━━━━━ GIVEN RECORDS
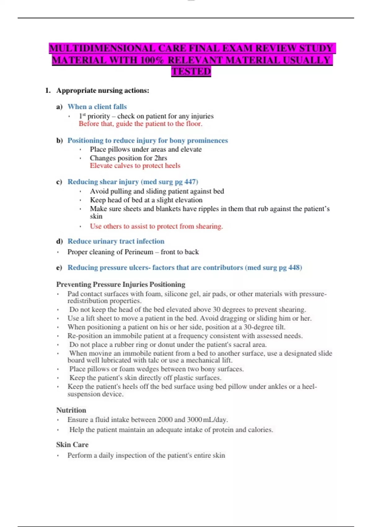 MULTIDIMENSIONAL CARE FINAL EXAM REVIEW STUDY MATERIAL WITH 100% RELEVANT MATERIAL USUALLY TESTED
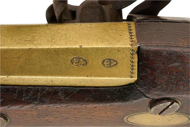 本品の真鍮製の銃身やトリガー・ガードは適度な時代が付いた良い雰囲気となっており、鉄製のサイド・ロックについても、やや経年による褪色や時代錆は見受けられるものの、目立った欠損等は見られず、製造された時代を考慮すれば概ね良好な状態が保たれています。 木製の銃床についても、やや打ち傷や線傷が見られる他、銃床前半部の右側面に継ぎ木による古い補修痕が見受けられるものの、強度的には概ねしっかりとした状態が保たれています。
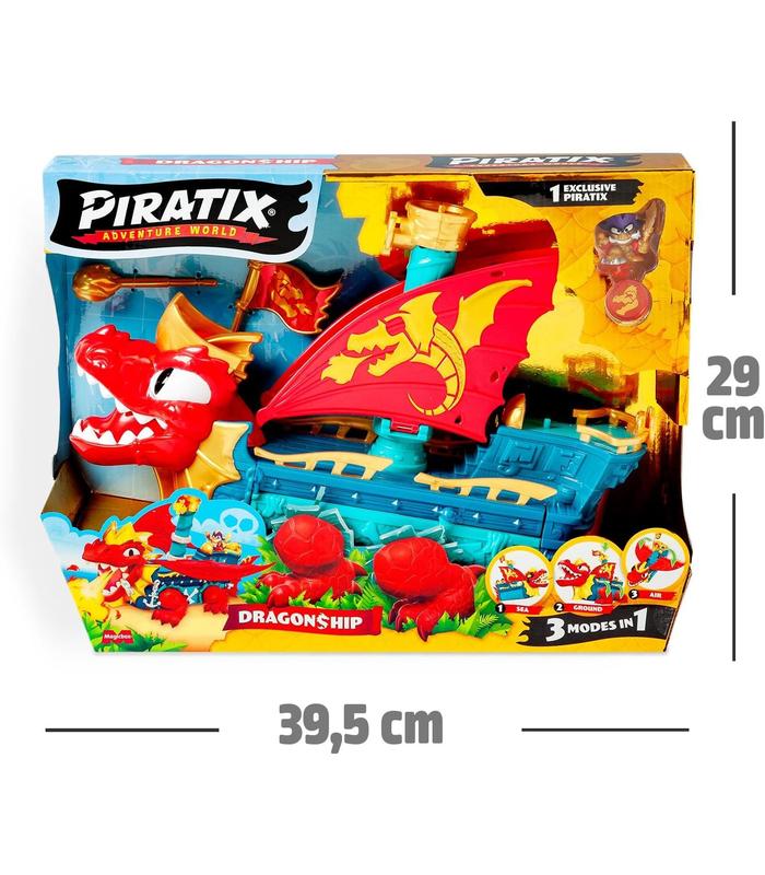 ¡DESCUBRE EL BARCO DRAGÓN DE PIRATIX! – ¡Ojo a babor! Llega el Dragon Ship, el único vehículo Piratix que puede ir por tierra, mar y aire: ¡el aliado perfecto para hacerse con el tesoro de Jungle Island!
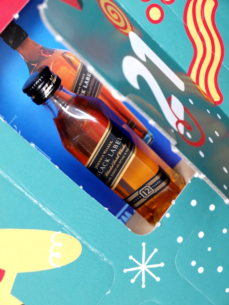 kleines Fläschen Whisky in dem Degustabox-Adventskalender findet und
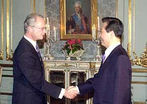 スウェーデンを訪問中の金大中(キム・デジュン)大統領が13日午後、カール・グスタフ16世国王より、午餐の招待を受けてスウェーデン王宮を訪問、国王と挨拶を交わしている。
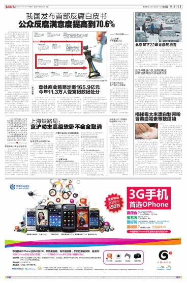 我国发布首部反腐白皮书 公众反腐满意度提高到70.6%
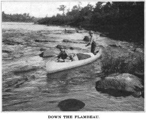 We had been on our way two days, and soon the increasing current, necessitating little paddling, and a distant roar announced that we were nearing the rapids, the Flambeau being full of them and most of them being negotiated only by Indians and in long river bateaux. Picking our way among the rocks, as carefully as the 20-mile current would permit us, we negotiated most of the falls without mishap. The one [upset] came in jumping a little four-foot fall called “Potatoe Falls,” near the town of Park Falls, when the bow of the canoe struck a submerged rock and we were unceremoniously dumped in the water. Everything being lashed, we lost nothing but a small camera, and within an hour, everything was dried in the sun, and the journey proceeded.
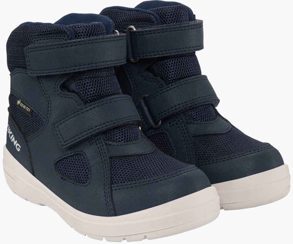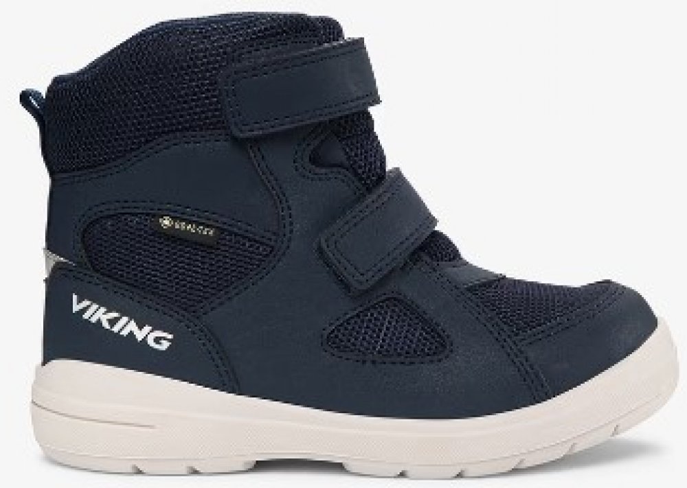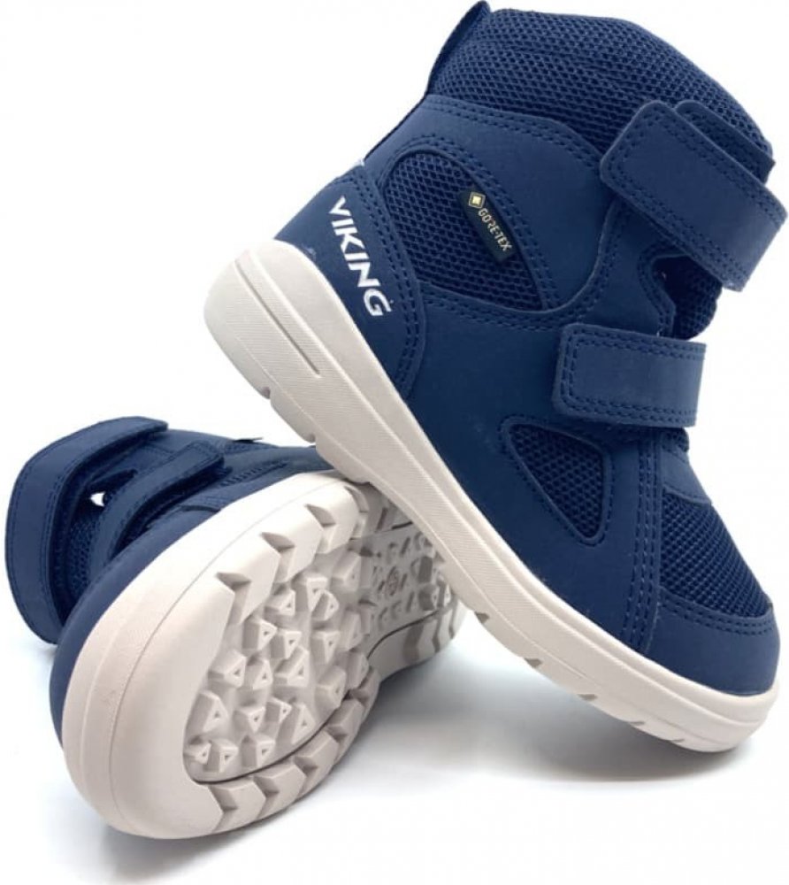 Teplé a odolné dětské zimní boty Viking Fun Warm GTX v tmavě modré barvě Navy s GoreTex membránou. Kombinace textilních a syntetických materiálů dělá boty dobře prodyšné a zároveň odolné díky ochranné vrstvě na špičce a patě. GoreTex membrána zajistí nepromokavost a zároveň prodyšnost, takže udrží dětské nožky v suchu a pohodlí.Boty jsou vyššího střihu - končí cca 5cm nad kotníkem.
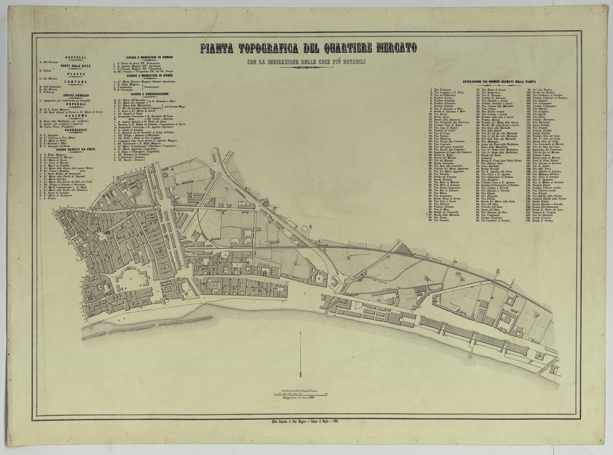 CARTA DEI DODICI QUARTIERI DI NAPOLI - PIANTA TOPOGRAFICA DEL QUARTIERE MERCATO CON LA INDICAZIONE DELLE COSE PIU' NOTABILI.
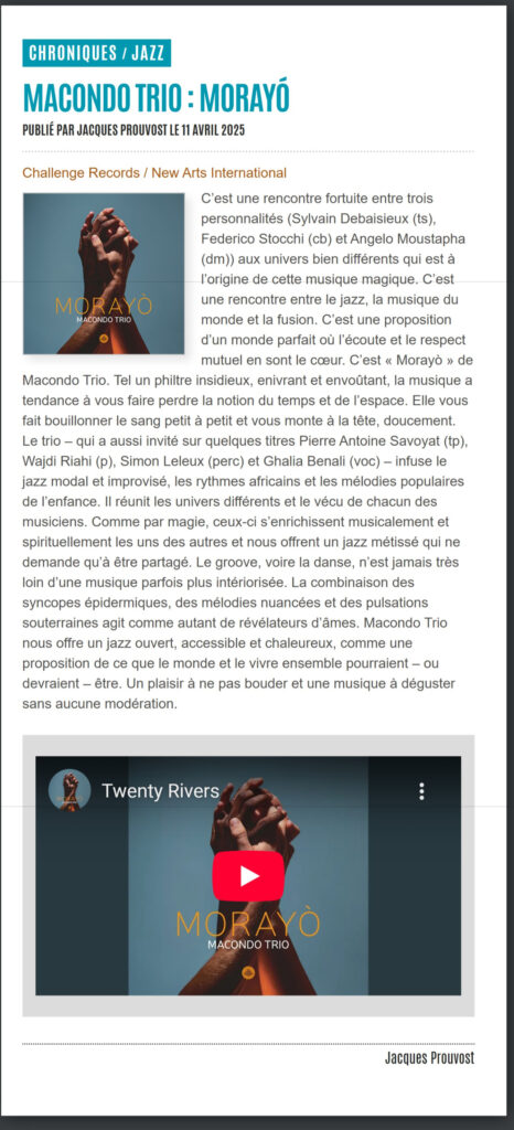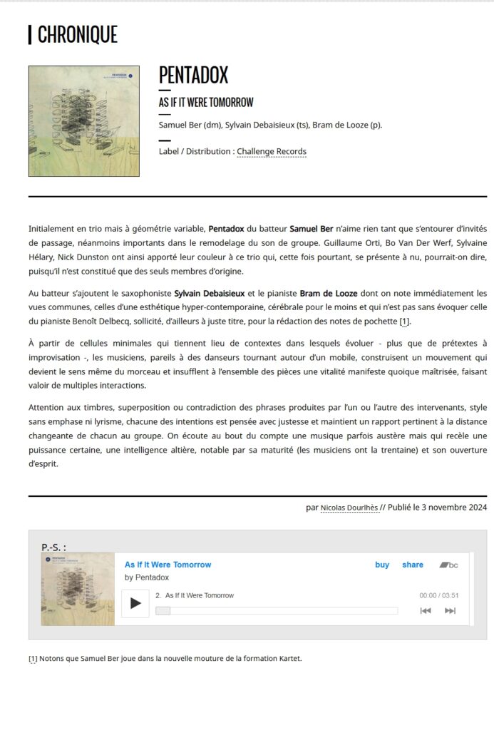 « Sylvain [Debaisieux], que ce soit avec Pentadox, Lynn Cassiers, Terpsichore, Martin Salemi ou, plus loin, le brillant projet « Heptatomic » d’Eve Beuvens, n’a jamais cessé de marquer de sa personnalité tous les groupes qu’il a croisés (Jean Pierre Goffin, Jazzmania) »
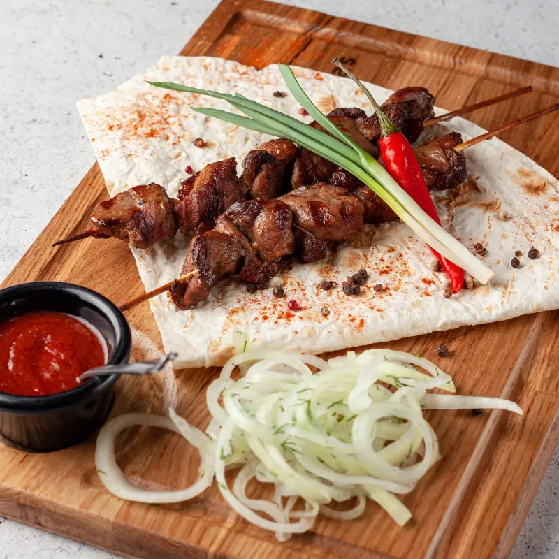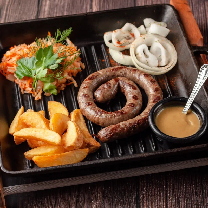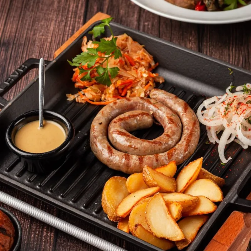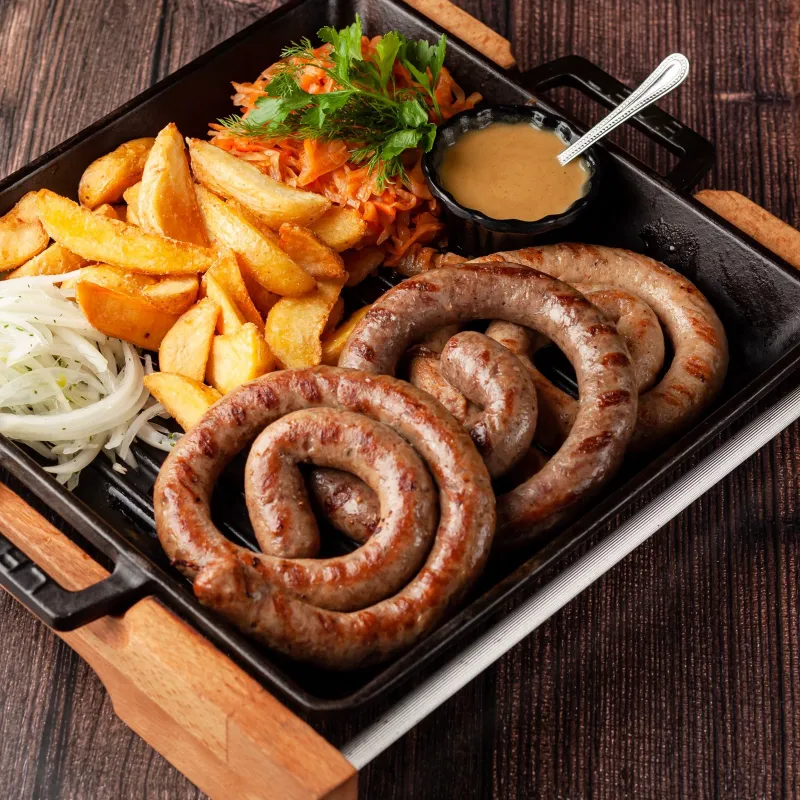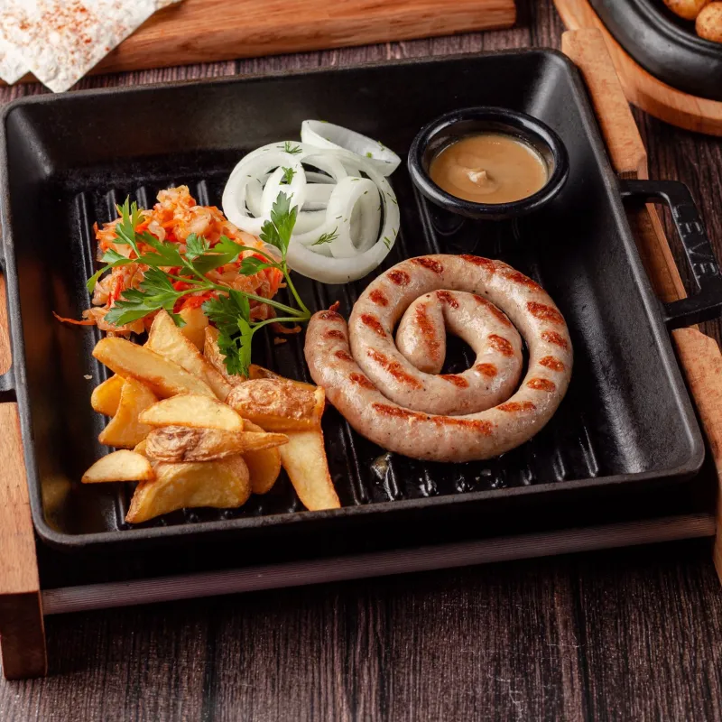 Подается с маринованным луком, картофельными дольками, тушеной капустой
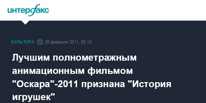 Москва. 28 февраля. INTERFAX.RU - "Оскар" в номинации Лучшая полнометражная анимационная лента 2011 года получил мультфильм "История игрушек", часть третья.
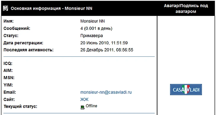 Данный сайт он позиционировал как страницу общения с великим чудо-журналистом Владимиром Озеровым, который проживает в этих ваших италиях, и ему видней. Однако никто никогда в жизни не видел и не слышал про такого человека. А как только казавлади.ру закрылся, то и про Владимира Озерова никто больше и слова ни сказал.
━━━━━━━━━━
> [ABOUT THIS EXERCISE]: With the pictures removed, set down the entire listing exactly.

> [SOLUTION TO THIS EXERCISE]:
 MULTIDIMENSIONAL CARE FINAL EXAM REVIEW STUDY MATERIAL WITH 100% RELEVANT MATERIAL USUALLY TESTED
 本品の真鍮製の銃身やトリガー・ガードは適度な時代が付いた良い雰囲気となっており、鉄製のサイド・ロックについても、やや経年による褪色や時代錆は見受けられるものの、目立った欠損等は見られず、製造された時代を考慮すれば概ね良好な状態が保たれています。 木製の銃床についても、やや打ち傷や線傷が見られる他、銃床前半部の右側面に継ぎ木による古い補修痕が見受けられるものの、強度的には概ねしっかりとした状態が保たれています。
 ¡DESCUBRE EL BARCO DRAGÓN DE PIRATIX! – ¡Ojo a babor! Llega el Dragon Ship, el único vehículo Piratix que puede ir por tierra, mar y aire: ¡el aliado perfecto para hacerse con el tesoro de Jungle Island!
 kleines Fläschen Whisky in dem Degustabox-Adventskalender findet und
 スウェーデンを訪問中の金大中(キム・デジュン)大統領が13日午後、カール・グスタフ16世国王より、午餐の招待を受けてスウェーデン王宮を訪問、国王と挨拶を交わしている。
 我国发布首部反腐白皮书 公众反腐满意度提高到70.6%
 We had been on our way two days, and soon the increasing current, necessitating little paddling, and a distant roar announced that we were nearing the rapids, the Flambeau being full of them and most of them being negotiated only by Indians and in long river bateaux. Picking our way among the rocks, as carefully as the 20-mile current would permit us, we negotiated most of the falls without mishap. The one [upset] came in jumping a little four-foot fall called “Potatoe Falls,” near the town of Park Falls, when the bow of the canoe struck a submerged rock and we were unceremoniously dumped in the water. Everything being lashed, we lost nothing but a small camera, and within an hour, everything was dried in the sun, and the journey proceeded.
 Teplé a odolné dětské zimní boty Viking Fun Warm GTX v tmavě modré barvě Navy s GoreTex membránou. Kombinace textilních a syntetických materiálů dělá boty dobře prodyšné a zároveň odolné díky ochranné vrstvě na špičce a patě. GoreTex membrána zajistí nepromokavost a zároveň prodyšnost, takže udrží dětské nožky v suchu a pohodlí.Boty jsou vyššího střihu - končí cca 5cm nad kotníkem.
 CARTA DEI DODICI QUARTIERI DI NAPOLI - PIANTA TOPOGRAFICA DEL QUARTIERE MERCATO CON LA INDICAZIONE DELLE COSE PIU' NOTABILI.
 « Sylvain [Debaisieux], que ce soit avec Pentadox, Lynn Cassiers, Terpsichore, Martin Salemi ou, plus loin, le brillant projet « Heptatomic » d’Eve Beuvens, n’a jamais cessé de marquer de sa personnalité tous les groupes qu’il a croisés (Jean Pierre Goffin, Jazzmania) »
 Подается с маринованным луком, картофельными дольками, тушеной капустой
 Москва. 28 февраля. INTERFAX.RU - "Оскар" в номинации Лучшая полнометражная анимационная лента 2011 года получил мультфильм "История игрушек", часть третья.
 Данный сайт он позиционировал как страницу общения с великим чудо-журналистом Владимиром Озеровым, который проживает в этих ваших италиях, и ему видней. Однако никто никогда в жизни не видел и не слышал про такого человека. А как только казавлади.ру закрылся, то и про Владимира Озерова никто больше и слова ни сказал.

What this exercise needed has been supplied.